▶ PROMPT:
A faithful copy of all the data is required; pictures should not be included.
┌─ DATA FOR ANALYSIS
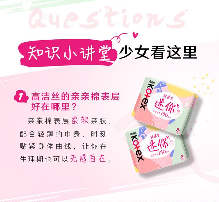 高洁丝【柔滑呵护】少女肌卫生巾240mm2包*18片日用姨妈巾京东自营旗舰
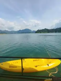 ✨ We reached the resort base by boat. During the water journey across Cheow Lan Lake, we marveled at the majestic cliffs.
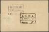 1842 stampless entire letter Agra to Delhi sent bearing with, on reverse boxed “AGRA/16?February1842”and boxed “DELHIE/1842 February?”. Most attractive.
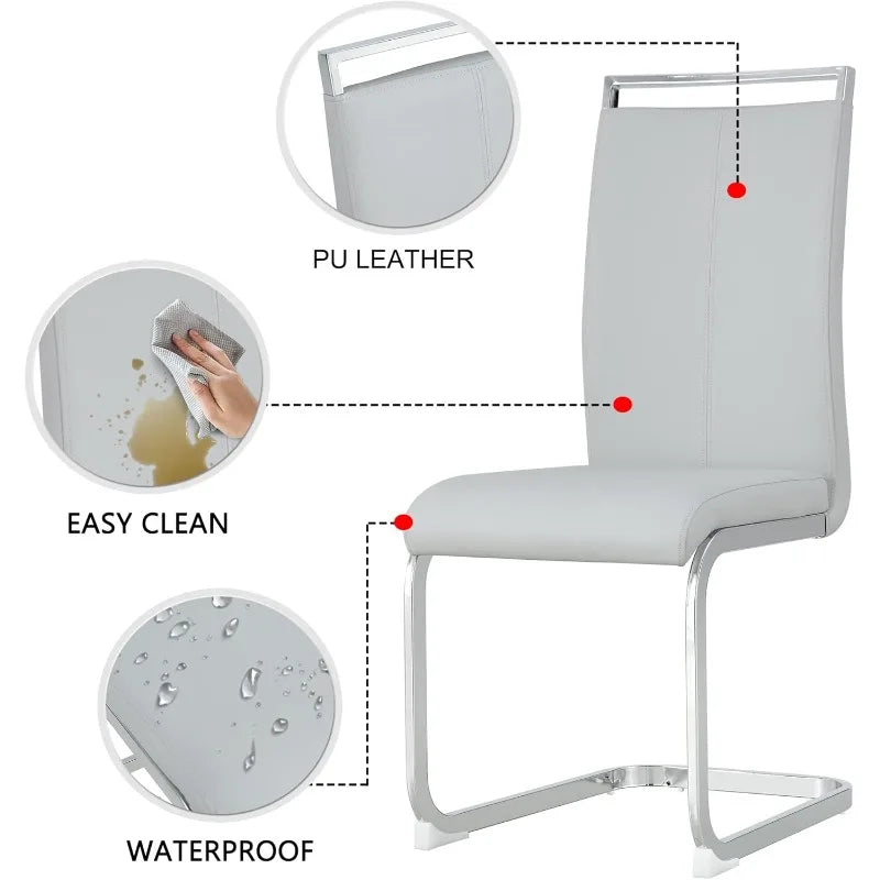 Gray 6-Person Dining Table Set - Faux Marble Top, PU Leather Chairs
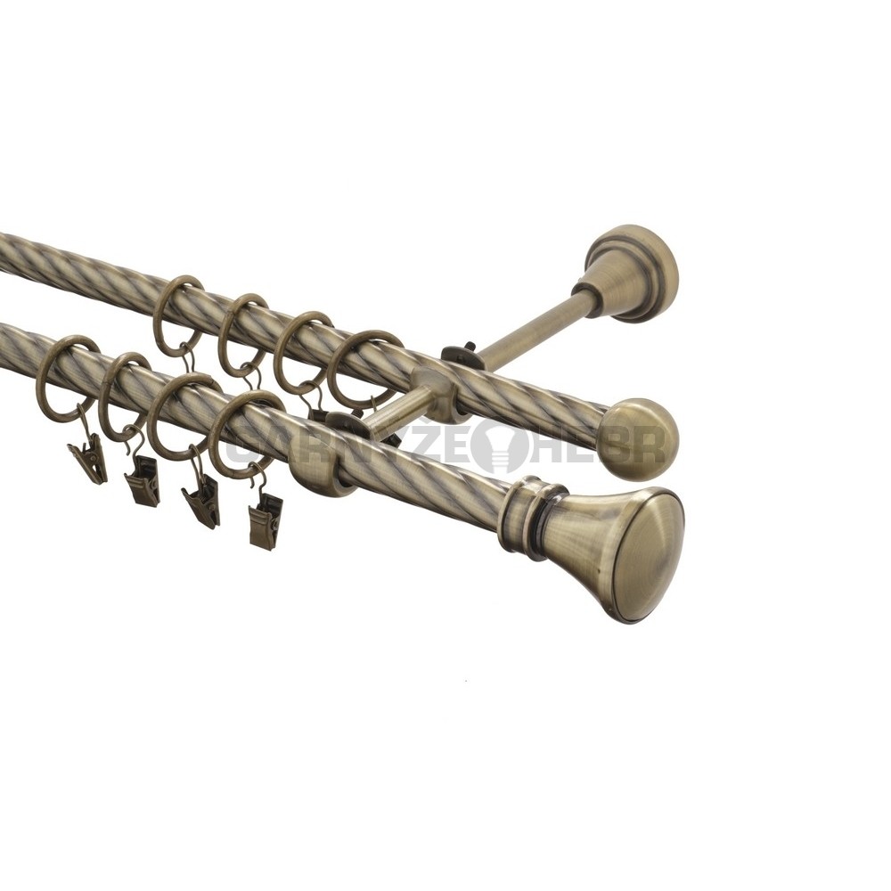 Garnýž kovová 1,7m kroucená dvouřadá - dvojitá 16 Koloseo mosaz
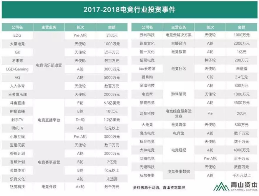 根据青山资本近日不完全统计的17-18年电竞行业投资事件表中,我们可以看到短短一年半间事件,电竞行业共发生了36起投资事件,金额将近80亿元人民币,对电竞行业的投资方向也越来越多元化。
└─
▶ TASK RESPONSE:
 高洁丝【柔滑呵护】少女肌卫生巾240mm2包*18片日用姨妈巾京东自营旗舰
 ✨ We reached the resort base by boat. During the water journey across Cheow Lan Lake, we marveled at the majestic cliffs.
 1842 stampless entire letter Agra to Delhi sent bearing with, on reverse boxed “AGRA/16?February1842”and boxed “DELHIE/1842 February?”. Most attractive.
 Gray 6-Person Dining Table Set - Faux Marble Top, PU Leather Chairs
 Garnýž kovová 1,7m kroucená dvouřadá - dvojitá 16 Koloseo mosaz
 根据青山资本近日不完全统计的17-18年电竞行业投资事件表中,我们可以看到短短一年半间事件,电竞行业共发生了36起投资事件,金额将近80亿元人民币,对电竞行业的投资方向也越来越多元化。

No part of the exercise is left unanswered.